• [About this task] Repeat every record below exactly, but leave out any pictures.

• [Listed entries]
--

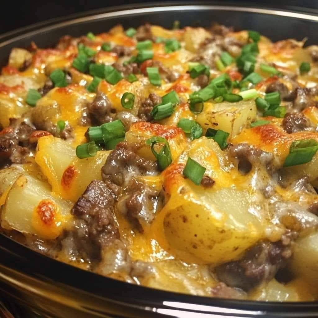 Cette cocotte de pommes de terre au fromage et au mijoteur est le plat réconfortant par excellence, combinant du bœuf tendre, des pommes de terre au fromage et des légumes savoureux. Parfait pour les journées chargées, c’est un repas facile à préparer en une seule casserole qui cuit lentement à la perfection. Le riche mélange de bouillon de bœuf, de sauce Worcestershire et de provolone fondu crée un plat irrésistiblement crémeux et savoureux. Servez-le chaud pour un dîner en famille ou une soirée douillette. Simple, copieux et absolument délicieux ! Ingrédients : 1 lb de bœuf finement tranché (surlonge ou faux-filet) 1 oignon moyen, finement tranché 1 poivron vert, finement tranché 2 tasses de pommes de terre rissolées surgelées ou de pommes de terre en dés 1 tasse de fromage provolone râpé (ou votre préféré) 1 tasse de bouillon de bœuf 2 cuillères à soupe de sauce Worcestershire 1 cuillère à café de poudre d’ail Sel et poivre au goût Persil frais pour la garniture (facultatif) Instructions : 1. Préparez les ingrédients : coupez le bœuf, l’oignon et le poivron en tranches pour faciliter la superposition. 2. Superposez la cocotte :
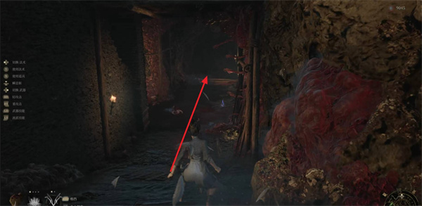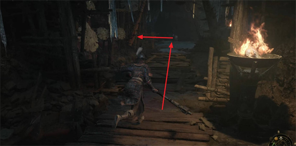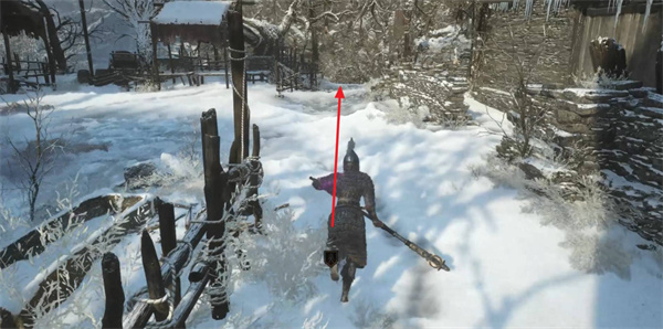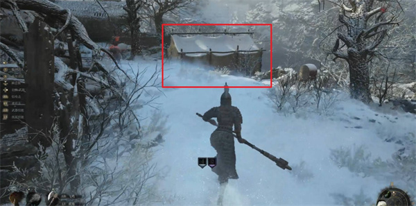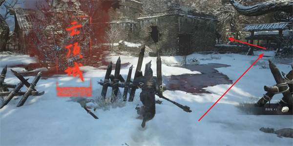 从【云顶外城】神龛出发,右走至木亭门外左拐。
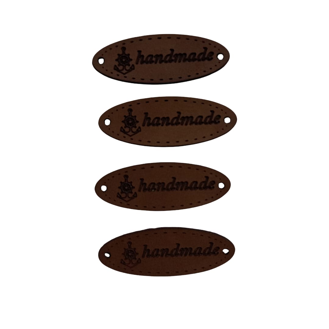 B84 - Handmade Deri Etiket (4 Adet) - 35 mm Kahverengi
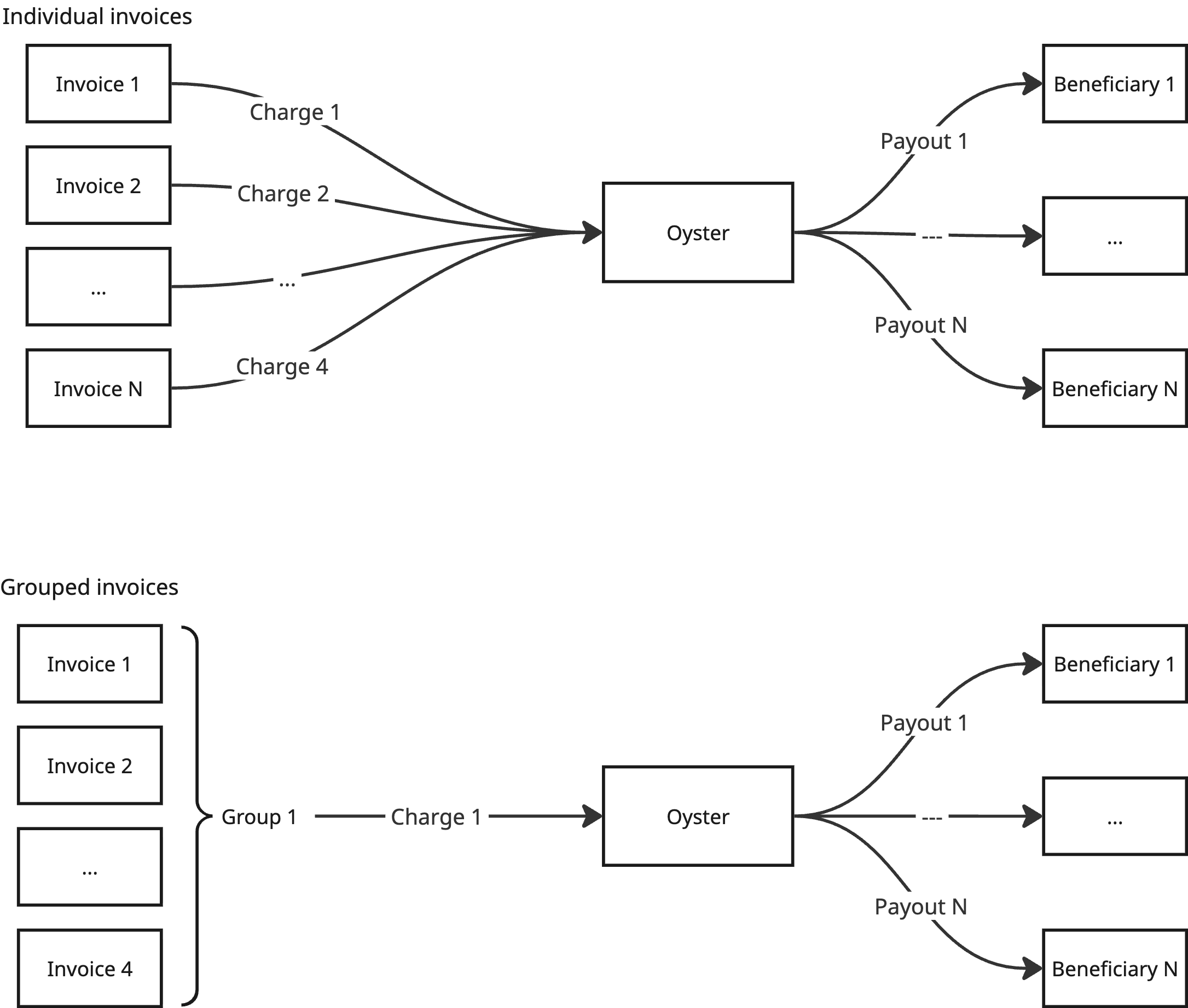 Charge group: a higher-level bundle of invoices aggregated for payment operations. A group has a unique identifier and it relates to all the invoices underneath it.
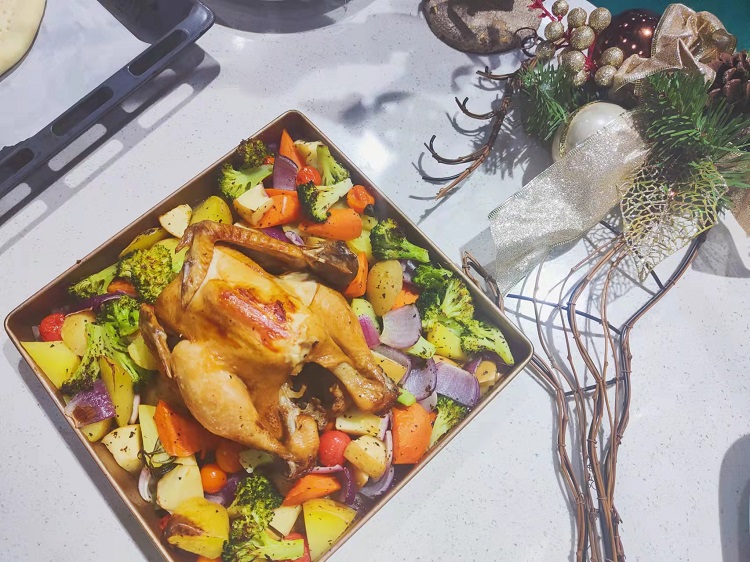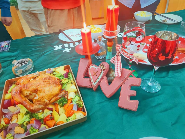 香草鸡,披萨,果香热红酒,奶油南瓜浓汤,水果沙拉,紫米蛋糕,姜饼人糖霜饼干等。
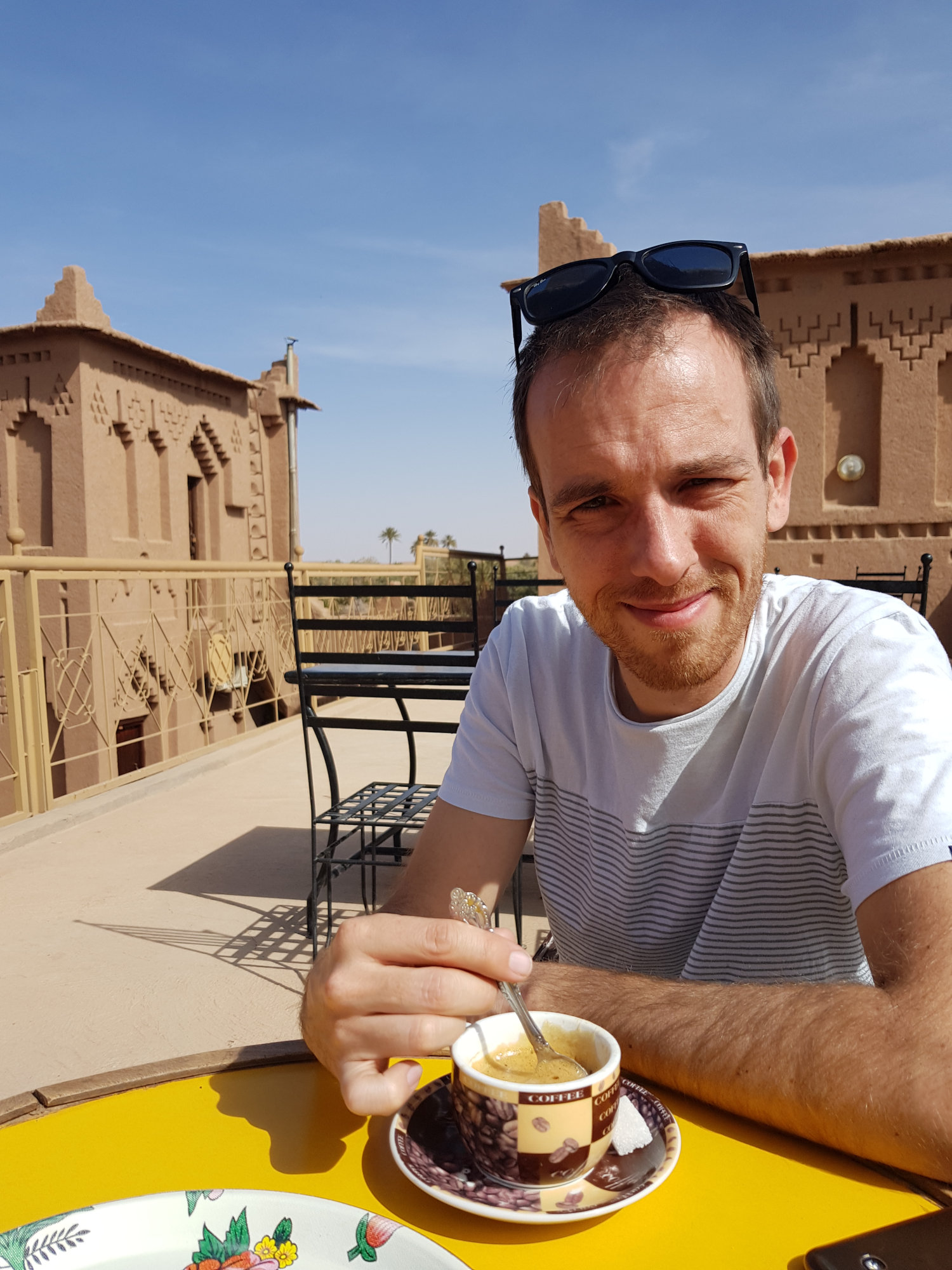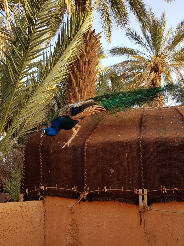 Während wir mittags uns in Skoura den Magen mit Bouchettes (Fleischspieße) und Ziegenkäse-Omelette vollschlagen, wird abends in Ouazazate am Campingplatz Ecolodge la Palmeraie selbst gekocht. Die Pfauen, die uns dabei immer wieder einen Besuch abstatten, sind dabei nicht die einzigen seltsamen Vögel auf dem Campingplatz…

--

• [Result for this task]
 Cette cocotte de pommes de terre au fromage et au mijoteur est le plat réconfortant par excellence, combinant du bœuf tendre, des pommes de terre au fromage et des légumes savoureux. Parfait pour les journées chargées, c’est un repas facile à préparer en une seule casserole qui cuit lentement à la perfection. Le riche mélange de bouillon de bœuf, de sauce Worcestershire et de provolone fondu crée un plat irrésistiblement crémeux et savoureux. Servez-le chaud pour un dîner en famille ou une soirée douillette. Simple, copieux et absolument délicieux ! Ingrédients : 1 lb de bœuf finement tranché (surlonge ou faux-filet) 1 oignon moyen, finement tranché 1 poivron vert, finement tranché 2 tasses de pommes de terre rissolées surgelées ou de pommes de terre en dés 1 tasse de fromage provolone râpé (ou votre préféré) 1 tasse de bouillon de bœuf 2 cuillères à soupe de sauce Worcestershire 1 cuillère à café de poudre d’ail Sel et poivre au goût Persil frais pour la garniture (facultatif) Instructions : 1. Préparez les ingrédients : coupez le bœuf, l’oignon et le poivron en tranches pour faciliter la superposition. 2. Superposez la cocotte :
 从【云顶外城】神龛出发,右走至木亭门外左拐。
 B84 - Handmade Deri Etiket (4 Adet) - 35 mm Kahverengi
 Charge group: a higher-level bundle of invoices aggregated for payment operations. A group has a unique identifier and it relates to all the invoices underneath it.
 香草鸡,披萨,果香热红酒,奶油南瓜浓汤,水果沙拉,紫米蛋糕,姜饼人糖霜饼干等。
 Während wir mittags uns in Skoura den Magen mit Bouchettes (Fleischspieße) und Ziegenkäse-Omelette vollschlagen, wird abends in Ouazazate am Campingplatz Ecolodge la Palmeraie selbst gekocht. Die Pfauen, die uns dabei immer wieder einen Besuch abstatten, sind dabei nicht die einzigen seltsamen Vögel auf dem Campingplatz…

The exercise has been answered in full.